Forecast using Sydney Airport’s weather data

# TODO: Split the data into training, validation and test sets.
# TODO: Consider a different imputation for some variables.
# E.g. it may be the case that some missing values (like precipitation) are actually 0.
# Another idea may be to simply throw out some columns with too many missing values.
# TODO: Rescale the data
# TODO: Fit a neural network model
# TODO: Report on the RMSE on the validation set (if comparing multiple NNs) and test sets (for the final/best model).
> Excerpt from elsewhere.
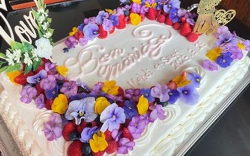 ふたりの想いをかたちにする、オリジナルウエディングケーキ。専属パティシエがご希望をもとに丁寧に仕上げます。ケーキ入刀後は、アイスクリームや旬のフルーツを添えた華やかなデザートプレートとして、ゲストへおもてなし。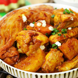 Korean spicy cabbage stewed with chicken nuggets

Forecast using multiple Sydney weather stations’ data

Download the full dataset. It is in a similar format to the Sydney Airport dataset, but one file per weather station. Incorporate the data from other weather stations into your model, without leaking future data into your forecasts.